4e40d7b3a70329dee14aeb2f658564ea  ./Annotation_comparison/GCF_003254395.2_Amel_HAv3.1_compare_prev.gbp.gz
67a2f793585e04aab9ec5d059b9b4130  ./Annotation_comparison/GCF_003254395.2_Amel_HAv3.1_compare_prev.txt.gz
d3b0bf799204e1b34020a1dac1f5686c  ./Evidence_alignments/GCF_003254395.2_Amel_HAv3.1_cross_species_tx_alns.gff.gz
390a28099c7478fcb914efbe2cf3a855  ./Evidence_alignments/GCF_003254395.2_Amel_HAv3.1_same_species_tx_alns.gff.gz
a8349bcc6a5733d23e5d289dea93e720  ./GCF_003254395.2_Amel_HAv3.1_assembly_report.txt
0fad70b254b53b42894b1132a6def686  ./GCF_003254395.2_Amel_HAv3.1_assembly_stats.txt
6e1ec842ae5a24ed53a6d866ac613d17  ./GCF_003254395.2_Amel_HAv3.1_assembly_structure/Primary_Assembly/assembled_chromosomes/AGP/chrLG1.agp.gz
671eb4b73fa352819654beefe17f465a  ./GCF_003254395.2_Amel_HAv3.1_assembly_structure/Primary_Assembly/assembled_chromosomes/AGP/chrLG1.comp.agp.gz
c60d55f350e165e09ce79ec9fbab3851  ./GCF_003254395.2_Amel_HAv3.1_assembly_structure/Primary_Assembly/assembled_c

---
Is the checksum right??? How do we tell? There's too much information.
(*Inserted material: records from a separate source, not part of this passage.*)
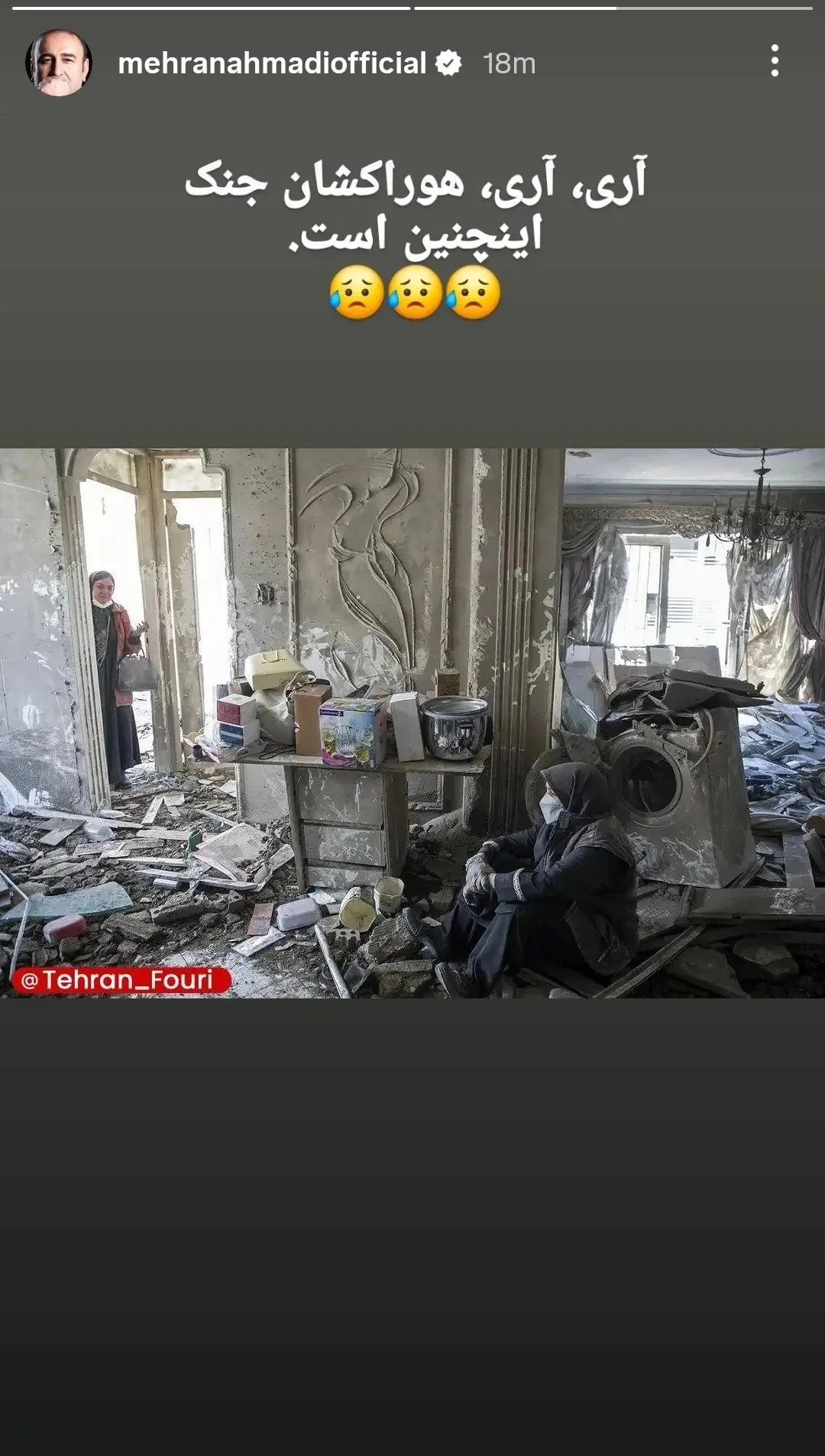 مهران احمدی، بازیگر و کارگردان سینما و تلویزیون، با انتشار استوری جدیدی در صفحه شخصی خود، نسبت به شرایط ملتهب منطقه و سایه جنگ واکنش نشان داد. او در این پیام با زبانی تلخ و گزنده، کسانی را که برای وقوع درگیریهای نظامی ابراز خوشحالی میکنند، هدف نقد قرار داد.
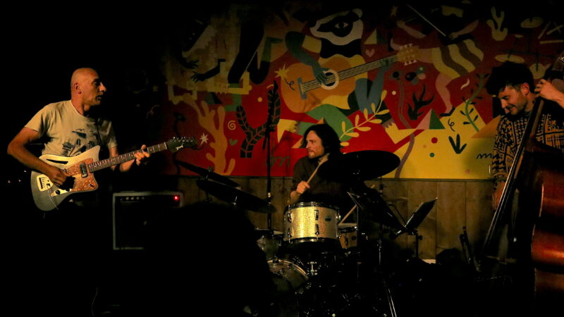 One answer to that, of course, is: Slate Trio, Alex Heane’s double bass being integral to the sound whipped up with Matthew Jones’ drumming and led by the remarkable Neil Smith’s guitar.
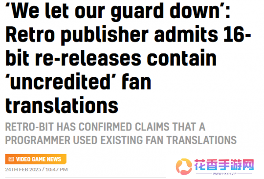 一家专门生产怀旧游戏、替换游戏机以及手柄外设的周边厂Retro-Bit被网友揭发,没有获得许可擅自剽窃玩家的本地化翻译,日前官方承认问题并暂停了游戏发布。
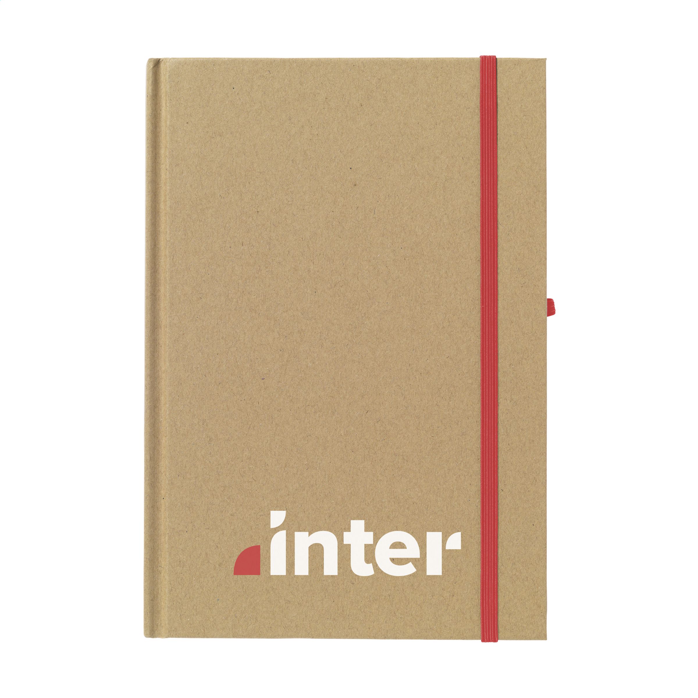 DIN A5 Notizbuch mit gebundenem Soft Cover aus PU. 80 Blatt (160 Seiten) liniertes Recyclingpapier. Kleines Fach im rückwärtigen Umschlag. Elastisches Verschlussband, Lesebändchen und Stifthalter.
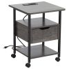 Home > Side Table with Charging Station and Wheels, Rolling End Table with 2 USB Ports and 2 Outlets and Power Switch, Nightstand with Storage Shelves and Dr
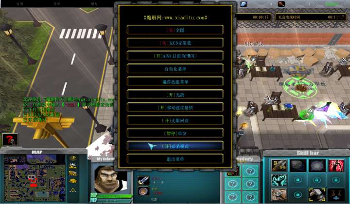 | 技能菜单【光环类技能】 | 自动化菜单【自动加钱木,提升英雄三围】 |

Try using `grep` with information you got from the `md5sum` command above. 

It will take the form `grep PATTERN $checksumfile`.

In [9]:
grep c081b74001f46055b9f5710be2c67f33 $checksumfile

c081b74001f46055b9f5710be2c67f33  ./GCF_003254395.2_Amel_HAv3.1_genomic.gff.gz


**Challenge!** Once you figure out how to get the information with grep, can you run the commands in succession to get a more readable answer?

In [10]:
# md5sum command
md5sum $datafile
# grep command
grep $datafile $checksumfile

c081b74001f46055b9f5710be2c67f33  GCF_003254395.2_Amel_HAv3.1_genomic.gff.gz
c081b74001f46055b9f5710be2c67f33  ./GCF_003254395.2_Amel_HAv3.1_genomic.gff.gz


Did it work? Can you formulate those two commands to use only `$datafile` and `$checksum` as the arguments to the commands?

Let's use jupyterlab to convert this notebook into a script.
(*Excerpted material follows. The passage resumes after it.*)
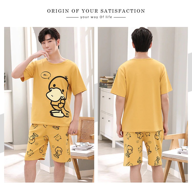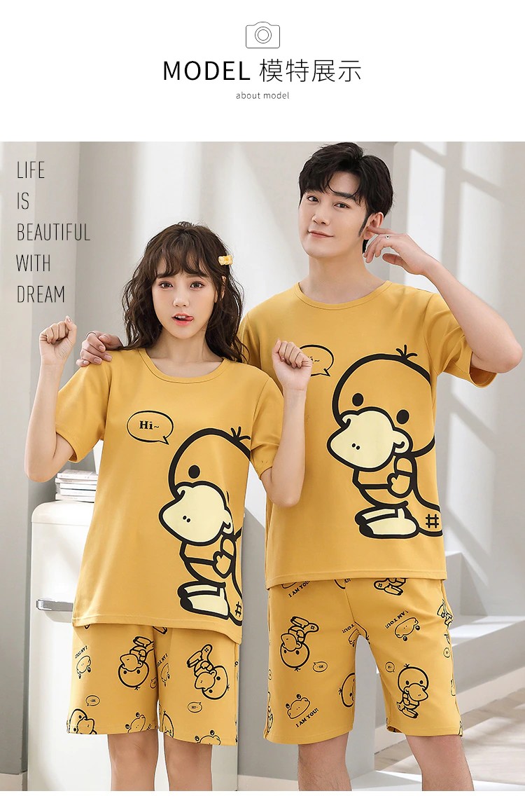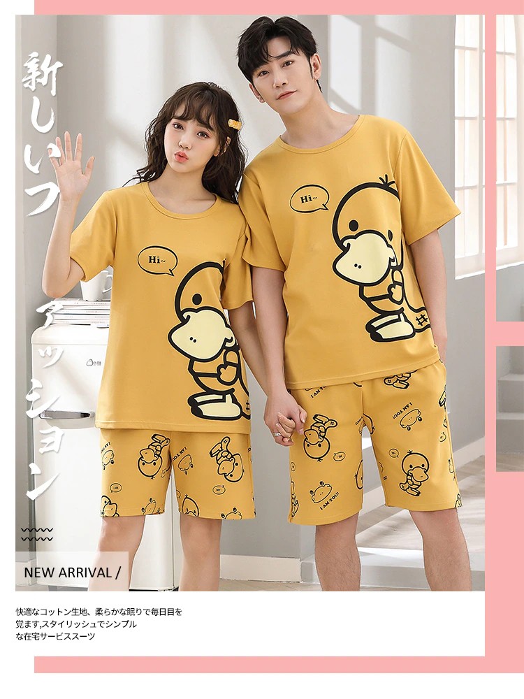 Verão De Malha Algodão Dos Desenhos Animados Pato Impressão Pijamas Conjuntos Para Casais Ternos Curtos Jovens Amantes Pijamas 4Xl Homewear Moda

Go to File->Export Notebook As...Export Notebook to Executable Script

This will save it to your computer. If you're still figuring out the directory structure, here is the output of my saved script below.
```BASH
baseUrl='https://ftp.ncbi.nlm.nih.gov/genomes/all/annotation_releases/7460/104/GCF_003254395.2_Amel_HAv3.1'

datafile="GCF_003254395.2_Amel_HAv3.1_genomic.gff.gz"
echo $datafile
# fully qualified URL
echo $baseUrl/$datafile

wget $baseUrl/$datafile

md5sum $datafile

checksumfile=md5checksums.txt

wget $baseUrl/$checksumfile

head $checksumfile

grep c081b74001f46055b9f5710be2c67f33 $checksumfile

# md5sum command
md5sum $datafile
# grep command
grep $datafile $checksumfile
```

# Let's use the script we created from the notebook.

---

If you can find that exported script on your home computer, then upload it using the up-arrow icon on the JupyterLab icon menu.
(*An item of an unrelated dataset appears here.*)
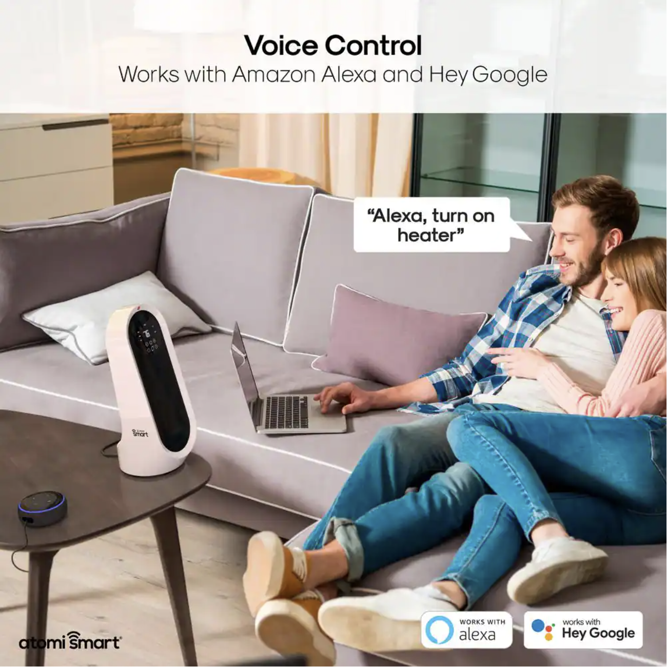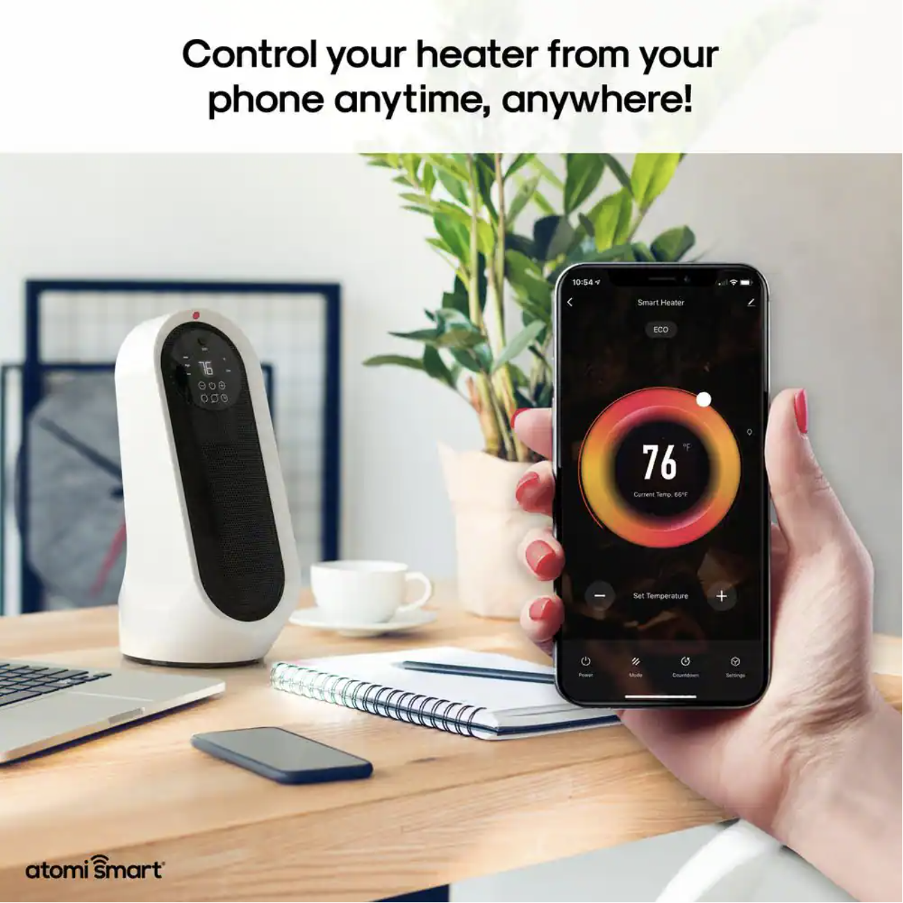 Atomi Smart Smart Wi-Fi 1500-Watt Electric Personal Portable Ceramic Oscillating Table Top Space Heater

**Now, switch over to a terminal and make sure you are in our current directory.**

You can get the current directory of this notebook via: `pwd`

1. Copy the output from the above command, and paste it after the `cd` command "*in your terminal*. Remember to leave a space between the `cd` and the pasted text.
1. Check to see if you have the script using `ls checksum.sh`
1. If not, copy the text from my finished script below:
1. Type `nano checksum.sh` *in your terminal*

*My fishined script*
---
```BASH

baseUrl='https://ftp.ncbi.nlm.nih.gov/genomes/all/annotation_releases/7460/104/GCF_003254395.2_Amel_HAv3.1'

datafile="GCF_003254395.2_Amel_HAv3.1_genomic.gff.gz"
echo $datafile
# fully qualified URL
echo $baseUrl/$datafile

wget $baseUrl/$datafile

md5sum $datafile

checksumfile=md5checksums.txt

wget $baseUrl/$checksumfile

head $checksumfile

grep $datafile $checksumfile

# md5sum command
md5sum $datafile
# grep command
grep $datafile $checksumfile

```

See how we made a script from the jupyter notebook? Do we run it?